50.3 Prometheus Configuration

# prometheus.yml
global:
  scrape_interval: 15s
  evaluation_interval: 15s

rule_files:
  - "hermes_alerts.yml"
  - "hermes_recording_rules.yml"

scrape_configs:
  - job_name: 'hermes-agent'
    scrape_interval: 10s
    static_configs:
      - targets: ['10.0.1.10:8000', '10.0.1.11:8000', '10.0.1.12:8000']
        labels:
          service: 'hermes-agent'
          environment: 'production'

  - job_name: 'redis'
    static_configs:
      - targets: ['redis:9121']

  - job_name: 'node'
    static_configs:
      - targets: ['10.0.1.10:9100', '10.0.1.11:9100', '10.0.1.12:9100']
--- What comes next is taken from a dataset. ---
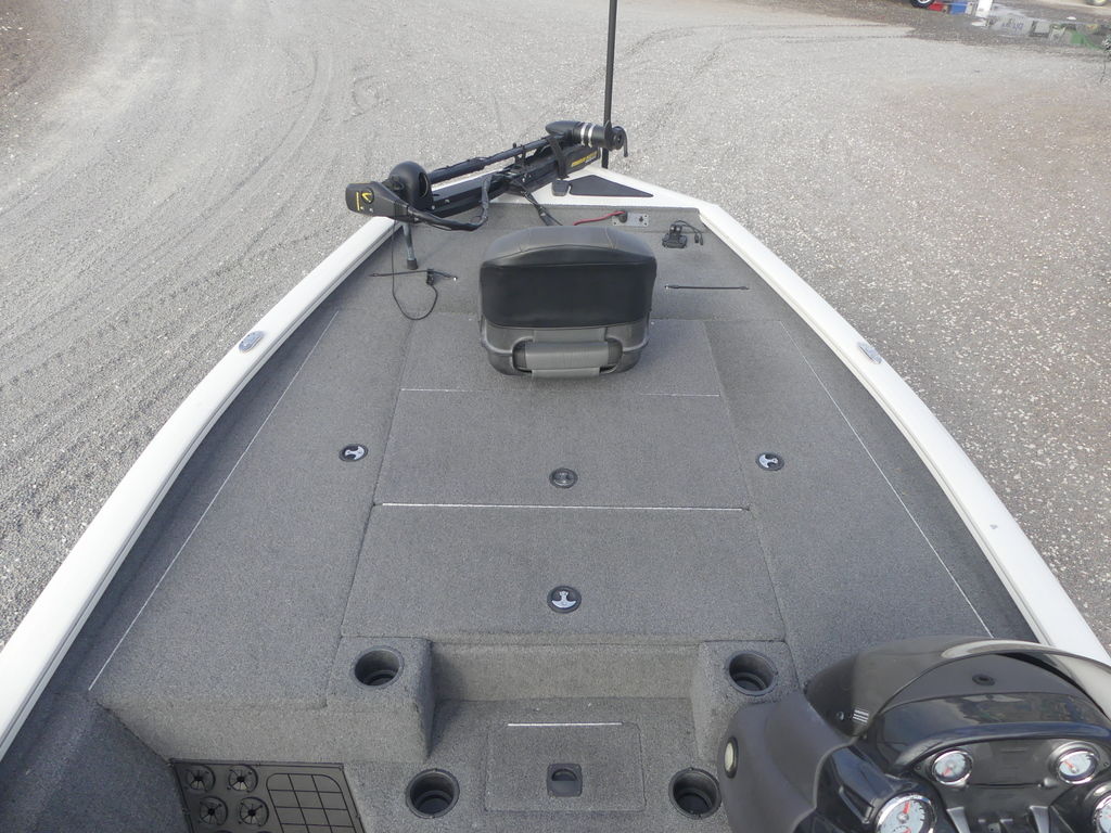 Interior- NEW redesigned, tournament-style 39-sq.-ft. (3.62-sq.-m) elevated bow deck w/oversized dual rod boxes & center tackle organizer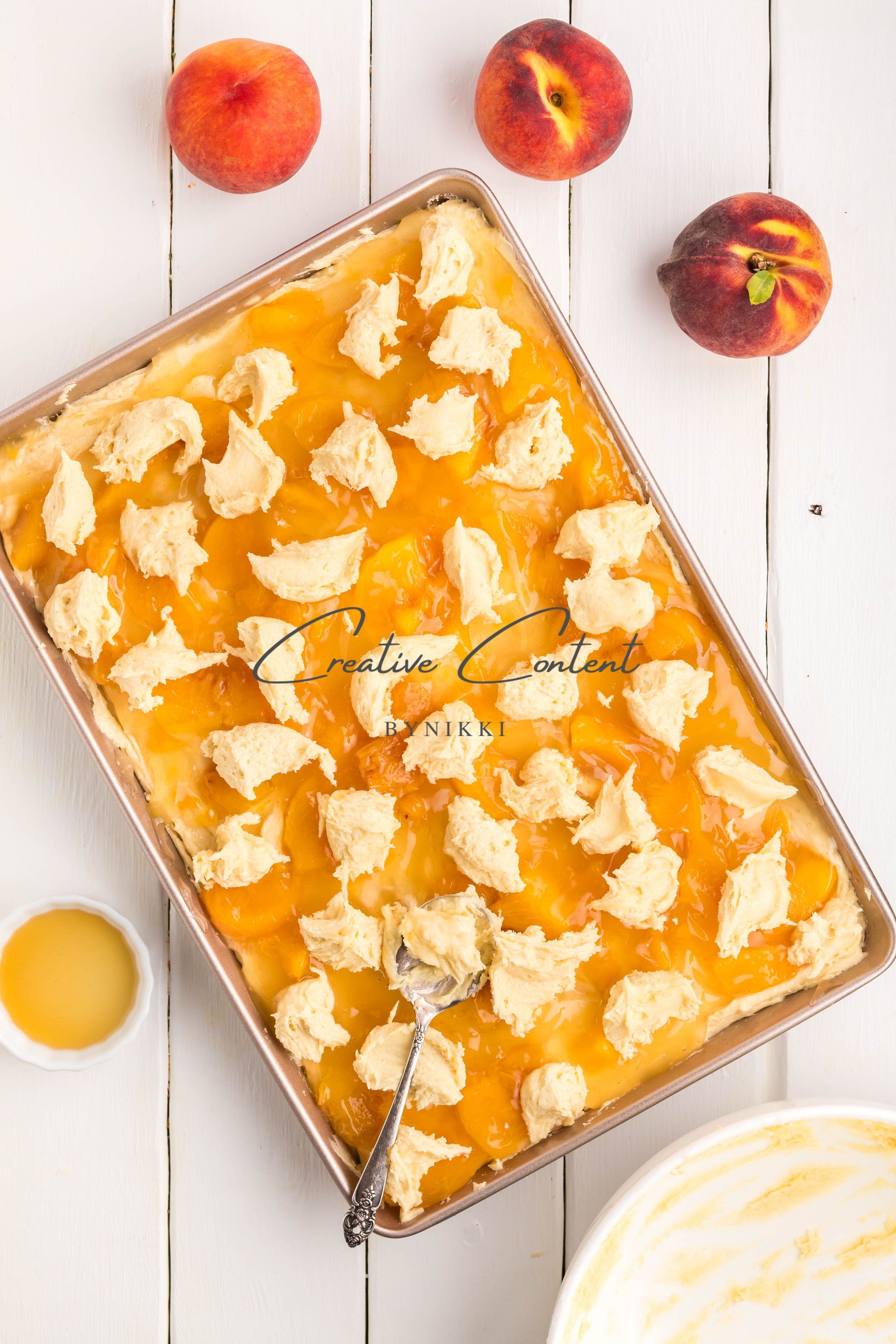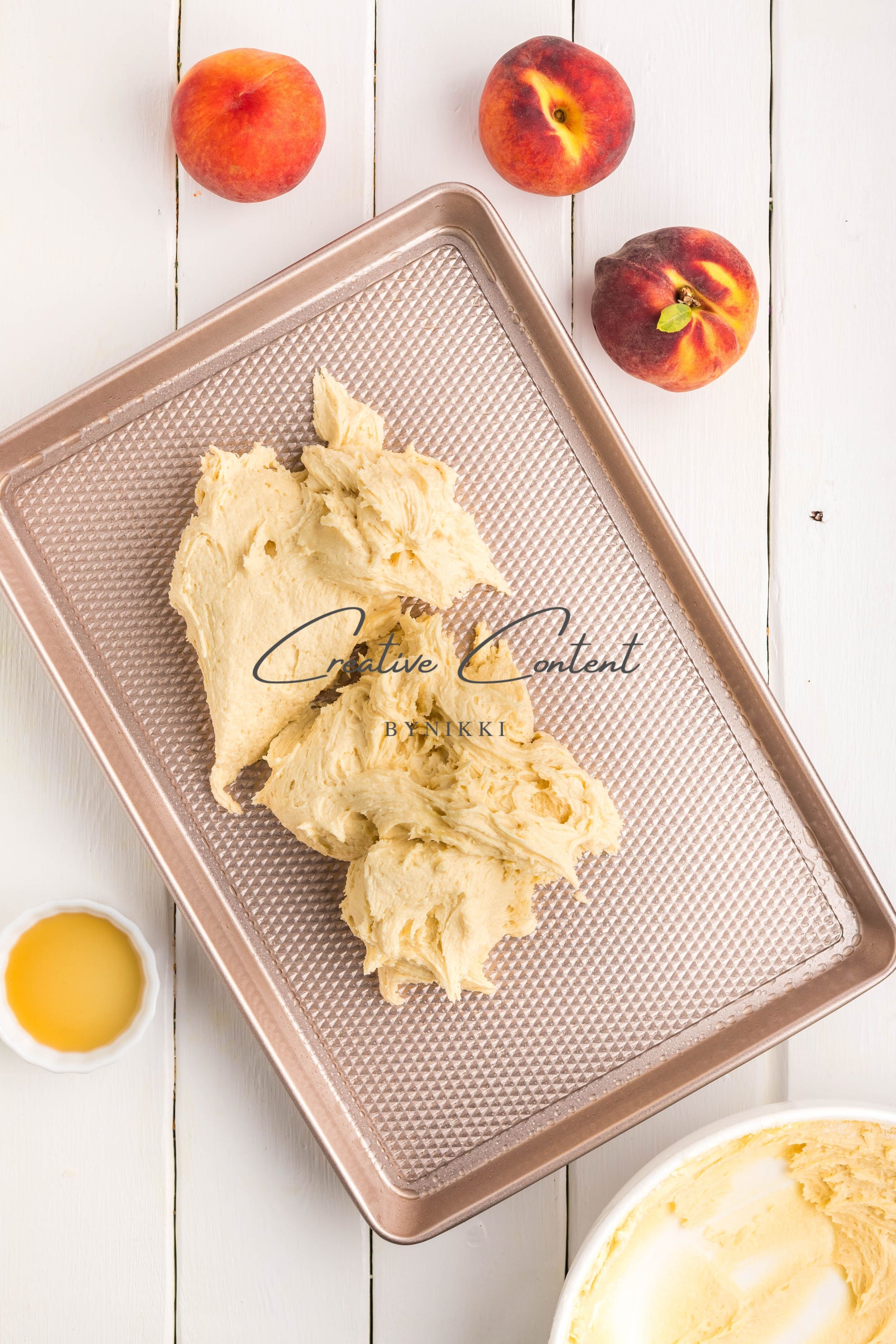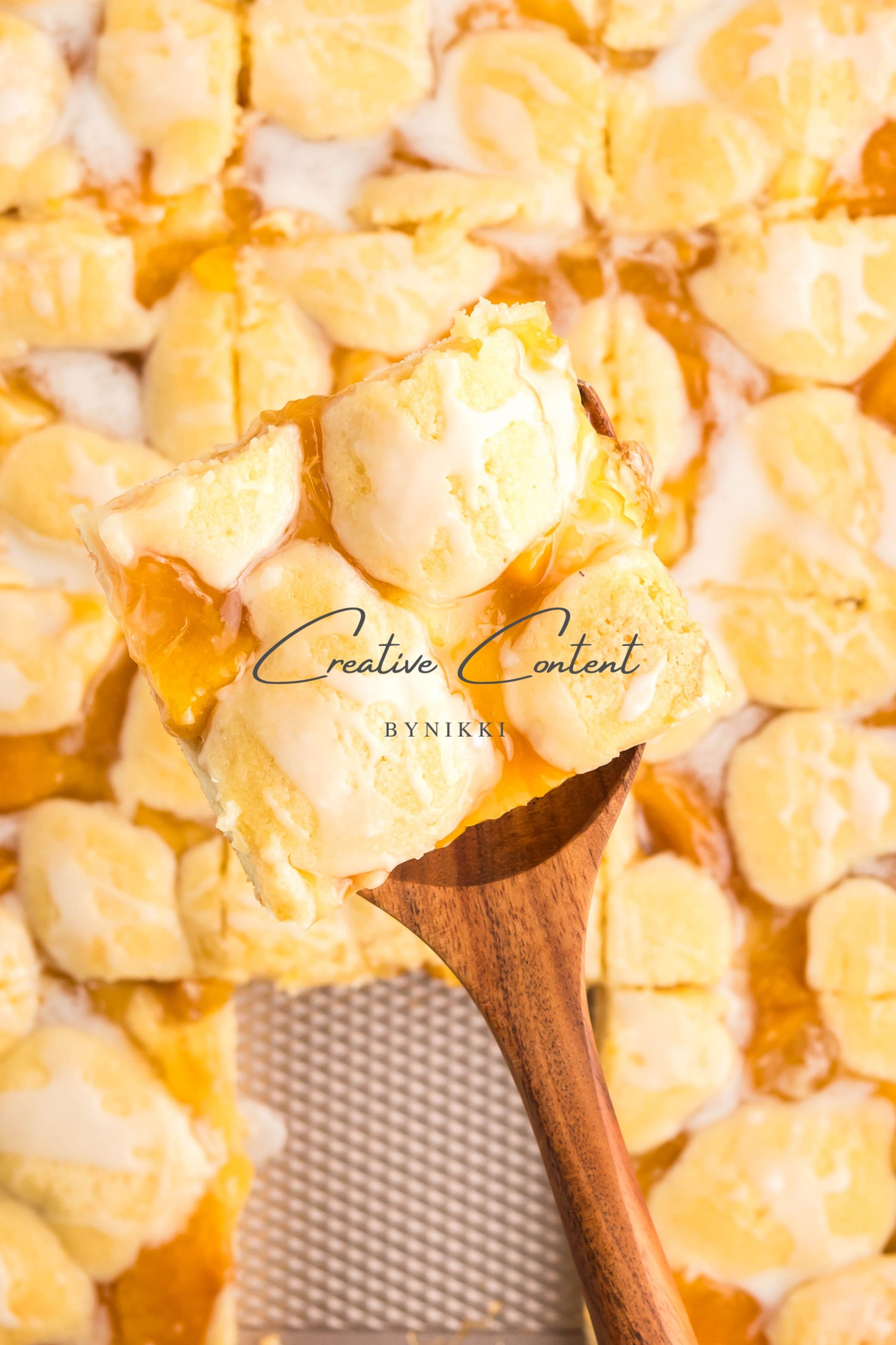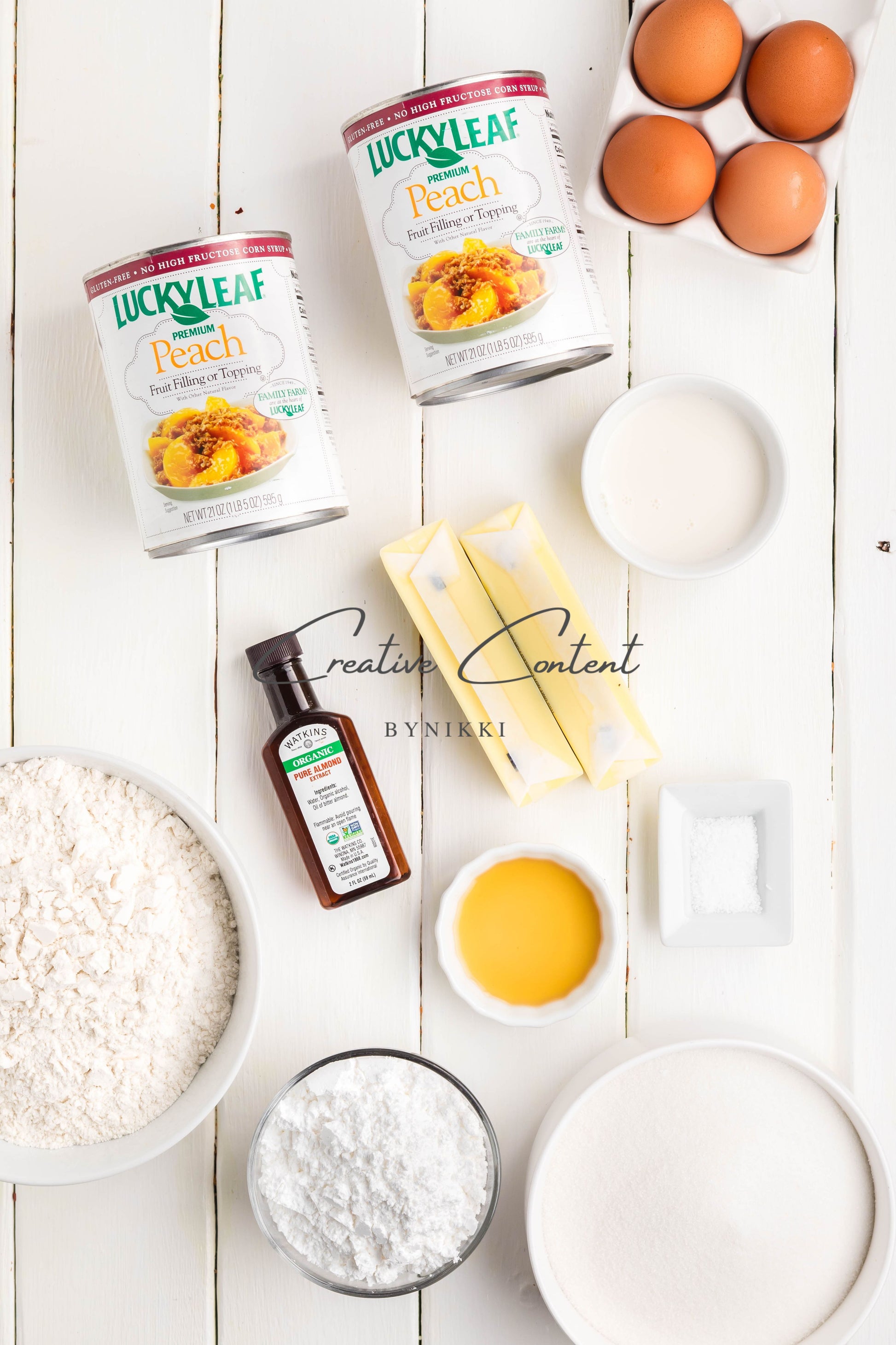- Ingredients: unsalted butter, sugar, salt, eggs, vanilla extract, almond extract, all-purpose flour, peach pie filling, powdered sugar, vanilla extract, almond extract, milk

Recording Rules (Reduce Query Load)

# hermes_recording_rules.yml
groups:
  - name: hermes_recording_rules
    interval: 30s
    rules:
      - record: hermes:tool_success_rate:5m
        expr: |
          sum(rate(hermes_tool_call_total{status="success"}[5m])) by (tool_name)
          / sum(rate(hermes_tool_call_total[5m])) by (tool_name)
      
      - record: hermes:request_duration_p95:5m
        expr: |
          histogram_quantile(0.95,
            sum(rate(hermes_request_duration_seconds_bucket[5m])) by (le, endpoint)
          )
      
      - record: hermes:cost_per_hour_usd
        expr: sum(rate(hermes_cost_usd_total[1h])) by (model) * 3600

50.4 Alert Rules

# hermes_alerts.yml
groups:
  - name: hermes_performance
    rules:
      - alert: HermesHighLatency
        expr: |
          histogram_quantile(0.95,
            sum(rate(hermes_request_duration_seconds_bucket[5m])) by (le)
          ) > 30
        for: 5m
        labels:
          severity: warning
        annotations:
          summary: "Hermes Agent P95 latency exceeds 30s"
          description: "P95 latency: {{ $value | humanizeDuration }}"
      
      - alert: HermesCriticalLatency
        expr: |
          histogram_quantile(0.99,
            sum(rate(hermes_request_duration_seconds_bucket[5m])) by (le)
          ) > 120
        for: 2m
        labels:
          severity: critical
        annotations:
          summary: "Hermes Agent P99 latency critically high"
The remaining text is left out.